Wang Hui - "The Decline of Representation: Another Inquiry on the Equality of What"

Kaufmann Auditorium, Goldwin Smith Hall (September 4th)
Toboggan Lodge, Cornell University (September 5th)

Wang Hui (Professor, Chinese Language and Literature, Tsinghua University)

In the aftermath of the Cold War, democratic political systems did not undergo any significant formal changes, yet democracy at the social level is in crisis everywhere. In China, which still maintains the socialist system, while the system and form of government has also not undergone fundamental change, society has been so powerfully transformed that there is constant discussion about just what kind of society it is. While most commentators (in frequently polemical exchanges) trace the divergences between China and those democracies back to differences in their political systems, at its core, the current political crisis stems from the separation of the political system from the social form. The crisis in political legitimation is a consequence of the breakdown of representation within the political system—that is, the separation of the political and the social. Before turning to the features that mark the breakdown of representation, the talk will analyze how this separation and breakdown came about in the two social systems by engaging the critical question of the equality of what. Two of the key concepts driving this inquiry are the “equality of all things” and “equality-in-difference.”

  

SEMINAR: HOW TO EXPLAIN "CHINA" AND ITS "MODERNITY": RETHINKING THE RISE OF MODERN CHINESE THOUGHT

Wednesday September 5, 2012

10:00 am – 12:00 pm 
Toboggan Lodge
38 Forest Home Drive

The seminar is open to the public and will be devoted to a discussion of the issues raised by an essay ("How to Explain 'China' and Its 'Modernity': Rethinking The Rise of Modern Chinese Thought") which appeared in a 2011 collection of Professor Wang's writing entitled The Politics of Imagining Asia (Harvard University Press).  The essay can be accessed here [LINK TO PAPER].

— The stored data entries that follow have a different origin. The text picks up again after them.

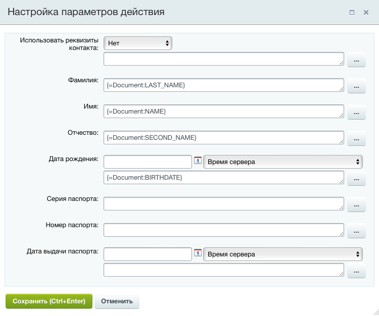 - Настройка полей с данными необходимыми для проверки
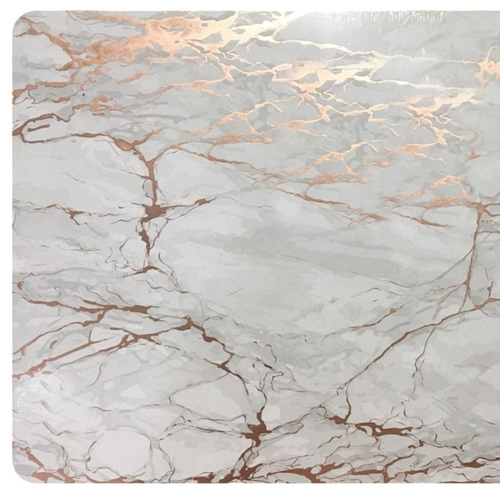Enhance your dining experience with the 12-inch x 18-inch gold and silver abstract agglomerated cork placemats. This set includes two beautifully designed rectangular placemats that combine elegance and functionality. Crafted from durable agglomerated cork, these placemats offer a stylish yet practical solution for protecting your table surfaces. The rich gold and silver hues add a touch of luxury to any dining setting. For maintenance, hand washing is recommended to keep them looking their best. These placemats not only complement your decor but also provide a soft, textured surface for serving meals. Elevate your table presentation and impress your guests with these exquisite placemats that bring sophistication to everyday dining occasions. 12-inch h x 18-inch w x 0.5-inch d.
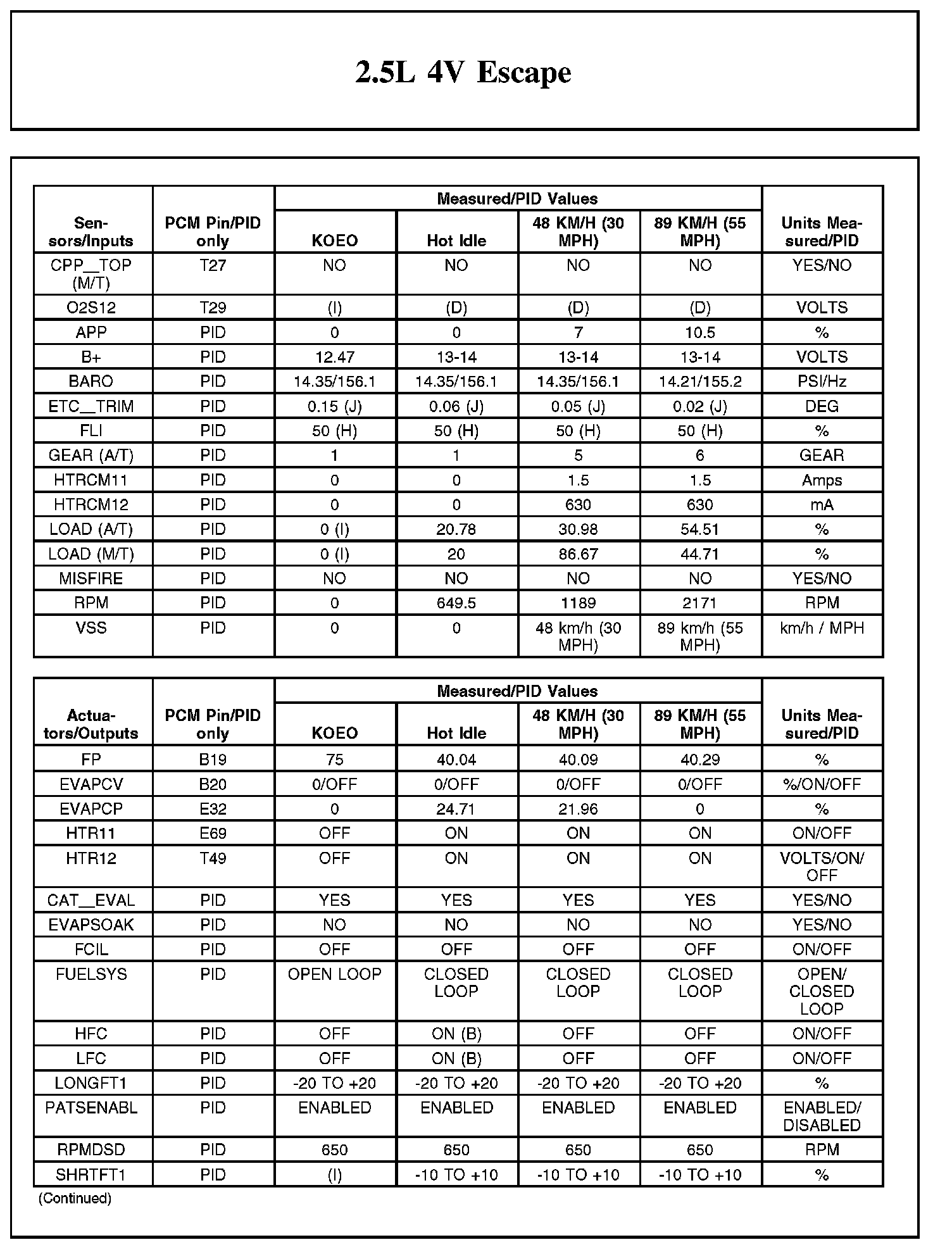 Home >> Ford >> 2012 >> Escape 4WD L4-2.5L >> Repair and Diagnosis >> Powertrain Management >> Computers and Control Systems >> Testing and Inspection >> Scan Tool Testing and Procedures >> Typical Diagnostic Reference Values
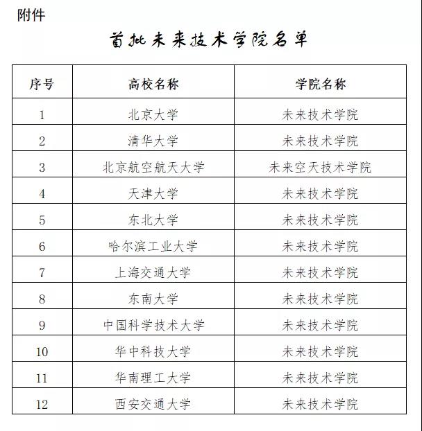 為貫徹落實習近平總書記關于教育的重要論述特別是在清華大學考察時的重要講話精神,推進新工科建設全面深化,加快未來技術學院建設,根據《教育部辦公廳關于印發〈未來技術學院建設指南(試行)〉的通知》(教高廳函〔2020〕6號)等文件要求,在高校自主申報、專家論證的基礎上,我部按相關工作程序確定了首批未來技術學院名單,現予公布(見附件)。
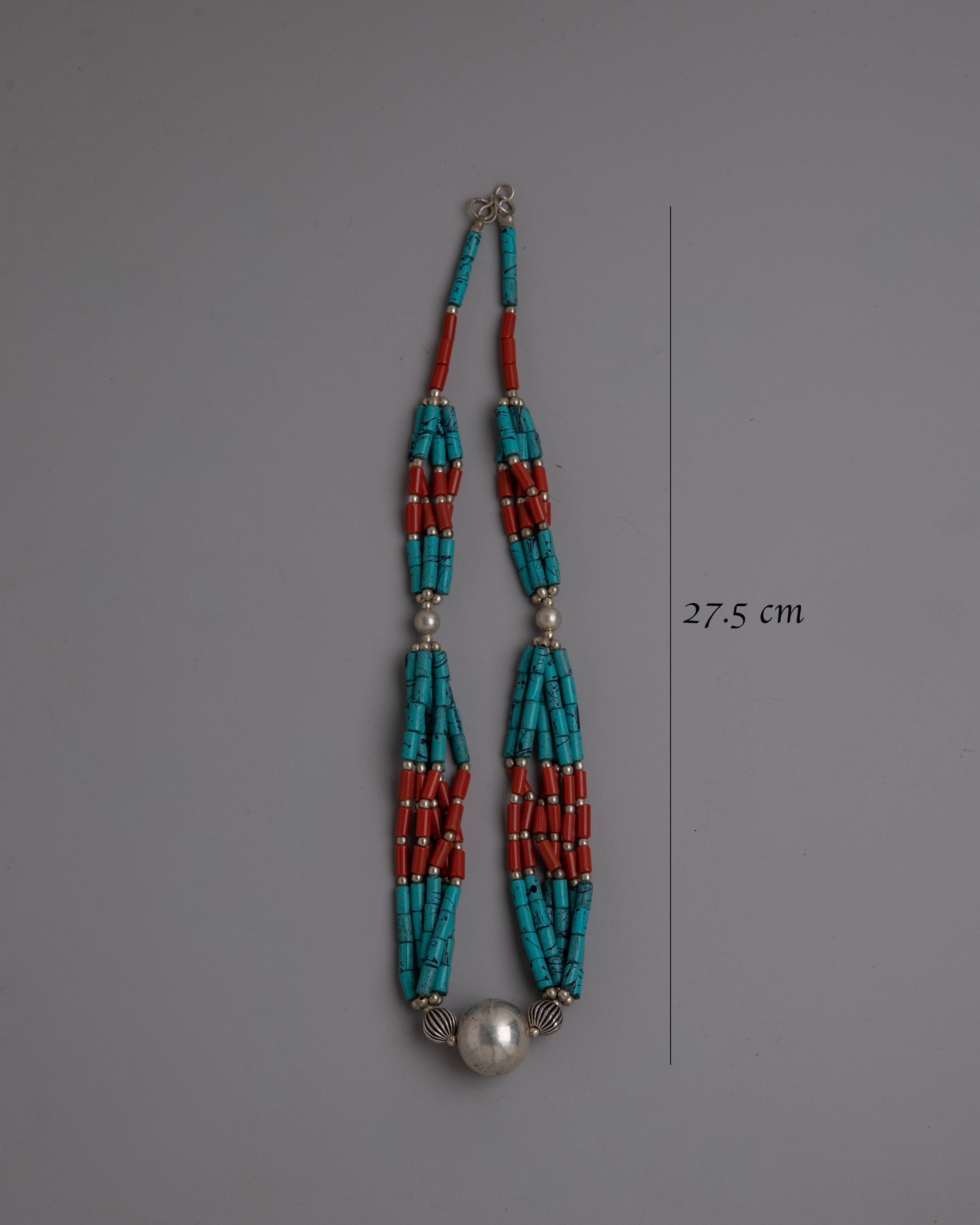 The Tibetan Turquoise Jewelry Necklace is a pretty piece of jewelry representing spirituality and cultural identity, making it the perfect accessory for people who value distinctive and culturally meaningful items. Whether it is worn as a highlighting everyday object, during special occasions, or meditation, this necklace gives depth and refinement to any ensemble. It is a treasured addition to any jewelry collection because of the way it draws attention and sparks discussion.

Wang Hui is a professor of Chinese Language and Literature at Tsinghua University, Beijing. His research focuses on modern Chinese literature and intellectual history. He was the executive editor (with Huang Ping) of the influential magazine Dushu (Reading) from May 1996 to July 2007. The U.S. magazine Foreign Policy named him as one of the top 100 public intellectuals in the world in May 2008. Wang Hui is the recipient of many awards for his scholarship, and is the author of numerous monographs in Chinese including From An Asian Perspective: The Narrations of Chinese History (2010); For Alternative Voices (2009); Depoliticized Politics (2008); The Rise of Modern Chinese Thought (four volumes, 2004–2009); and Rekindling Frozen Fire: The Paradox of Modernity (2000). Books translated into English include The Politics of Imagining Asia (edited by Theodore Huters, Harvard University Press, 2011), The End of Revolution: China and the Limits of Modernity (Verso, 2010); China’s New Order: Society, Politics, and Economy in Transition, translated by Theodore Huters and Rebecca Karl (Harvard University Press, 2003). Books translated into Japanese and Korean include  Shiso Kukan toshite no gendai chugoku. (Modern China as a Space for Thinking), translated by Murata Yujiro, Nasuyama Yukio, and Onodera Shiro (Tokyo: Iwanami Shoten, 2006), and A New Asian Imagination (Seoul: Creation and Criticism Press, 2003).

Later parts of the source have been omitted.